Contextual and Cued Fear Conditioning

Cognitive deficits in associative fear memory have been reported in mice displaying schizophrenic-like phenotypes (Arguello and Gogos, 2006; Gleason et al, 2012). Fear conditioning was assessed in computer-controlled operant chambers (Imetronic), as previously described (Blundell et al, 2010; Cai et al, 2006; Powell et al, 2004). All results were expressed as % time freezing.

Latent Inhibition (LI)

Latent inhibition (LI) refers to the retardation in learning about the significance of a stimulus as a result of its prior repeated preexposures without consequence (Lubow and Moore, 1959). LI was assessed in a conditioned freezing paradigm, as previously described (Meyer et al, 2005; Willi et al, 2010). The test procedures consisted of four phases: preexposure, conditioning, context test, and tone test.
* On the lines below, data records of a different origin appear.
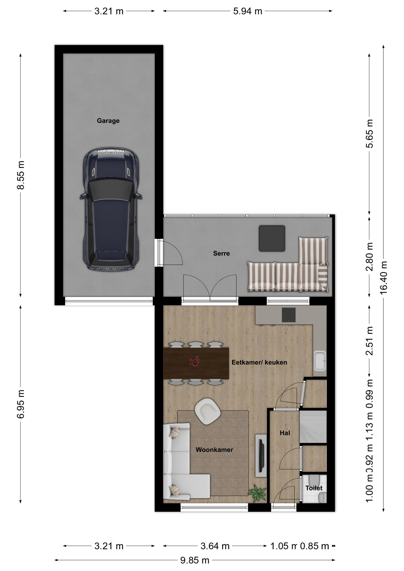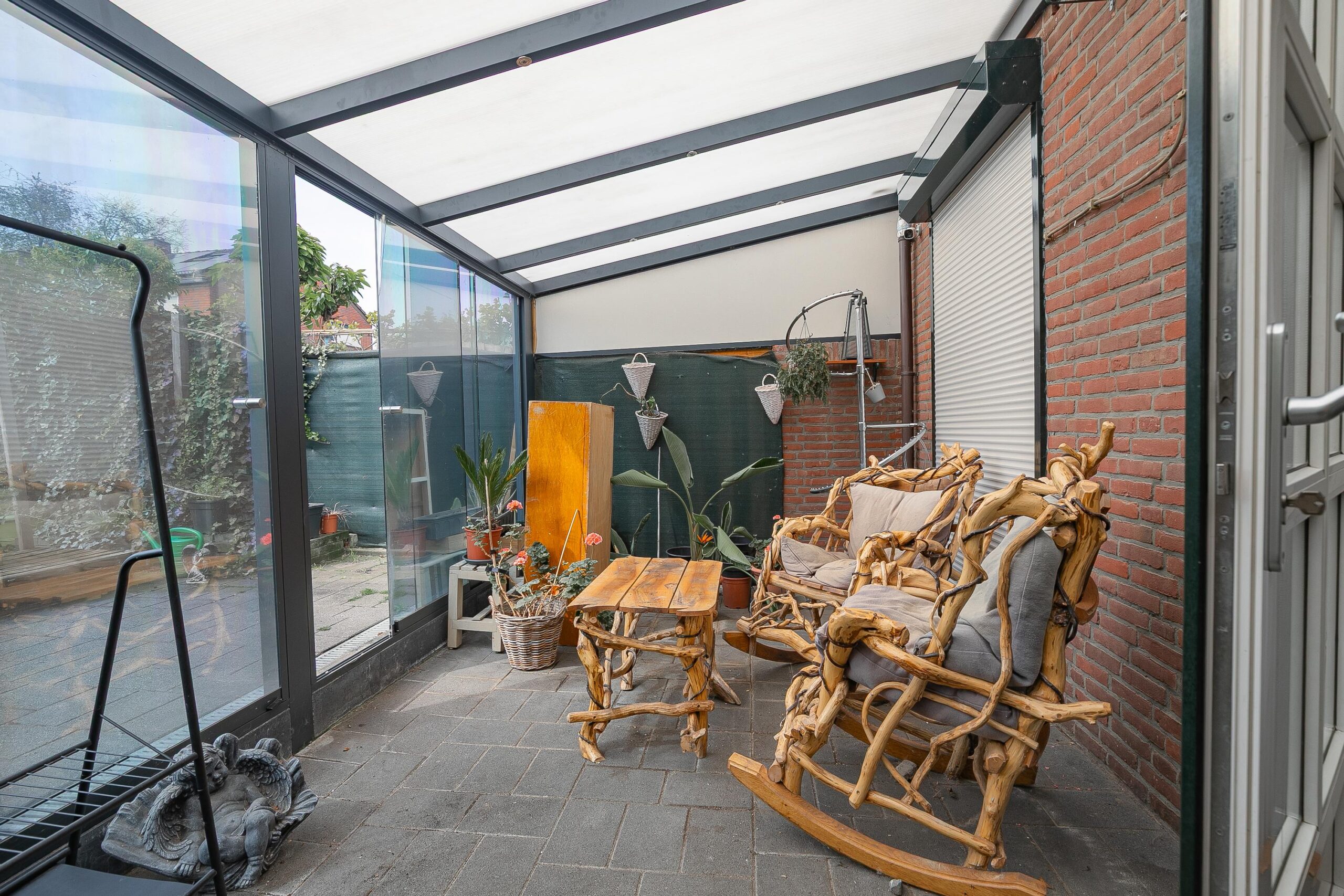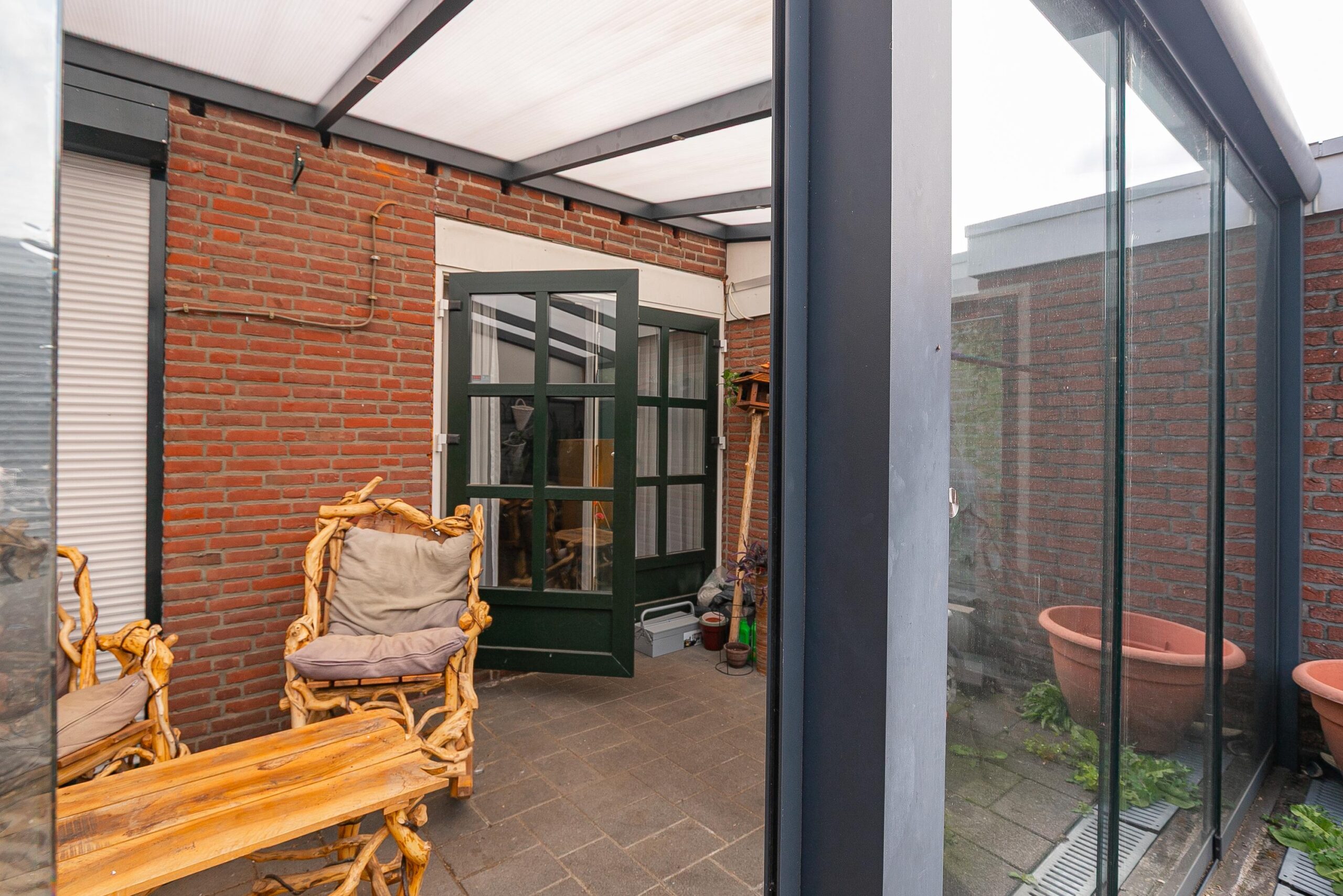 Via openslaande deuren toegang naar de serre met glasdeuren.
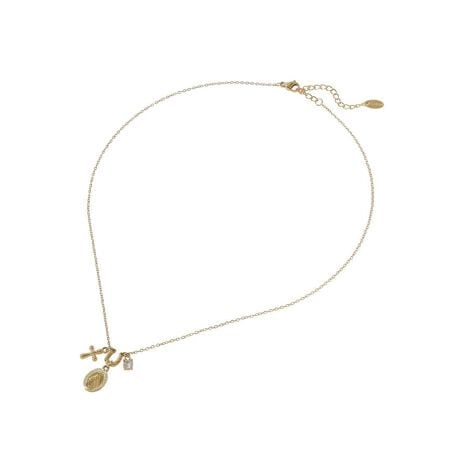 多彩なチャームが織りなすデザインが、控えめながらも印象的なアクセントを生むネックレスです。細身のチェーンと上品な輝きが、どんなコーディネートにも自然に溶け込みます。ステンレス素材を使用しているため、変色しにくくお手入れも簡単で、日常使いにぴったりです。軽量で負担が少なく、ストレスフリーな着け心地も嬉しいポイントです。首元に程よい存在感を与えつつ、上品なカジュアルスタイルを叶えてくれる万能なアイテムです。
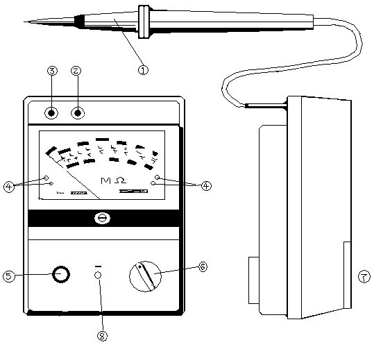 通常儀表的功能開關⑥置于OFF位,在進行測量時將它置于MΩ或GΩ位,從儀表的地端③和②分別引出兩根測試線到被測物的地端和大地,再將儀表的探頭①接被測物測試點并按測試紐⑤(順時針方向旋轉后可自鎖)既可開始測量.

Animals were randomly allocated to either the preexposed (PE) or non-preexposed (NPE) condition. The establishment of LI (ie, difference in freezing between NPE and PE groups) reflects the ability to ignore stimuli that historically predict nonsignificant consequences. Thus, LI deficiency is a translational model that assesses attentional deficits in animal models of schizophrenia (Arguello and Gogos, 2006; Meyer et al, 2005).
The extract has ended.